Shams ul Nisa
Pakistan Telecommunication Company Limited's (PTCL) revenue clocked in at Rs46.9 billion during the first half of the ongoing calendar year 2023, which is 17.3% up from Rs39.98 billion over the same period last year. The company attributed this hike in revenue to the expansion in carrier and wholesale, broadband businesses, mobile data, business solutions and banking services.
According to the company's financial results for the period ended June 30, 2023, it posted a gross profit of Rs10.3 billion compared to Rs8.46 billion over the same period last year, reporting a growth of 21.90%. PTCL's gross profit margin moved up marginally to 21.99% in 1HCY23 from 21.17% in 1HCY22.
The administrative and general expenses climbed up by 7.65%, clocking in at Rs4.19 billion during 1HCY23 compared to Rs3.89 billion in 1HCY22. This rise is because of the escalating energy and fuel prices, delay in opening letters of credit for import of necessary raw materials, devaluation of the currency, rise in interest rates and imposition of the super tax. Despite a hike in expenses, the company registered a considerable increase in operating profit, which jumped to Rs2.96 billion in 1HCY23, posting a 57.02% increase from Rs1.89 billion in 1HCY22. PTCL registered a profit-before-tax of Rs11.16 billion during the period under review compared to Rs7.74 billion in the same period last year, marking a notable growth of 44.16%.
This was because the company's other income soared by a massive 92.43% to Rs11.6 billion in 1HCY23 from Rs6.03 billion in 1HCY22. The net profit climbed by 34.5% to Rs6.98 billion, and the net profit margin clocked in at 14.88% versus 12.98% in 1HCY22. This increase in net profit was attributed to the rise in non-operational income because of gains from both sales of obsolete assets and foreign currency-denominated receivables. Earnings per share also grew from Rs1.02 in 1HCY22 to Rs1.37 in 1HCY23.

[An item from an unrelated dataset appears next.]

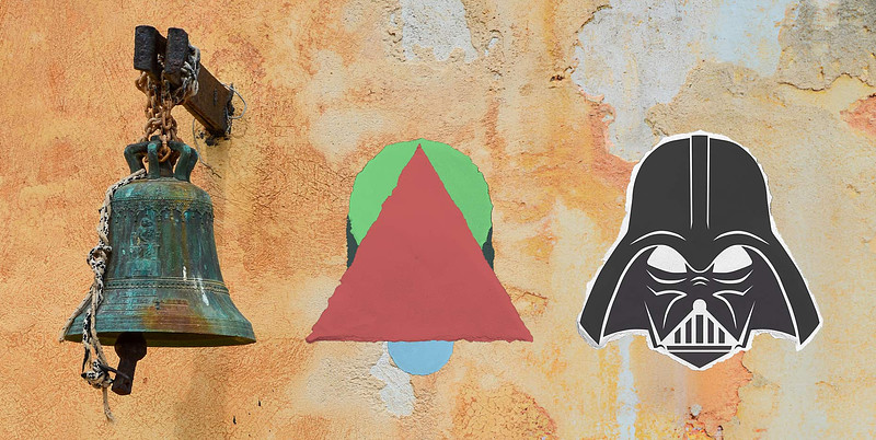 A bell is this oval on top, transitioning to this flat triangle on bottom, and a small circle underneath. This communicates the idea of a bell.. or Darth Vader.

PTCL's non-current assets, such as property and equipment, long-term investments, long-term loans and advances, and intangible assets, climbed to Rs218.68 billion in June 2023, up 10.71% from Rs197.52 billion in December 2022. Similarly, the company's current assets, which include stores and spares, contract costs, trade debts and contract assets, loans and advances, and cash and bank balances, grew by 13.07% to Rs121.69 billion in June 2023 compared to Rs107.63 billion in December 2022. As a result, the company's total assets rose to Rs340 billion in June 2023 from Rs305 billion in December 2022, marking a growth of 11.54%.

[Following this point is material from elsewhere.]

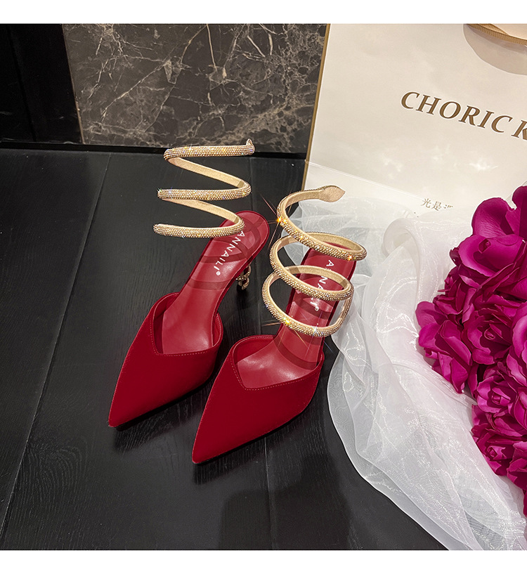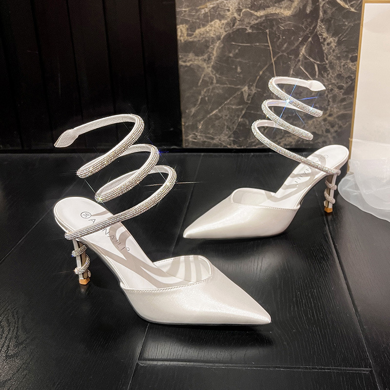 包头凉鞋女夏欧美性感蛇形缠绕水钻绒面尖头高跟鞋白色缎面婚礼鞋

Equity and liabilities analysis
In June 2023, PTCL's share capital and reserves stood at Rs115.03 billion, 6.46% higher than Rs108.05 billion in December 2022. The yearly report of the company showed non-current liabilities standing at Rs90.2 billion in June 2023, up 27.33% from Rs70.8 billion in December 2022. The company booked a 7.03% increase in current liabilities, which rose to Rs135.13 billion in June 2023 from Rs126.25 billion in December 2022. Hence, the company recorded total equity and liabilities of Rs340.37 billion in June 2023, higher by 11.54% than Rs305.15 billion in December 2022.
Cash flow analysis
PTCL generated net cash of Rs1.63 billion from operations in June 2023, less than Rs5.97 billion generated in June 2022. In June 2023 and June 2022, the company used cash of Rs26.23 billion and Rs10.55 billion, respectively, in investing activities. This means that the company invested in purchasing property, plant and equipment. From financing activities, the company generated Rs17.67 billion in June 2023, which was much greater than Rs4.8 billion generated in June 2022. Whereas, the company saw a massive decline in cash and cash equivalent at the end of the period from Rs2.79 billion in June 2022 to a negative value of Rs1.33 billion in June 2023.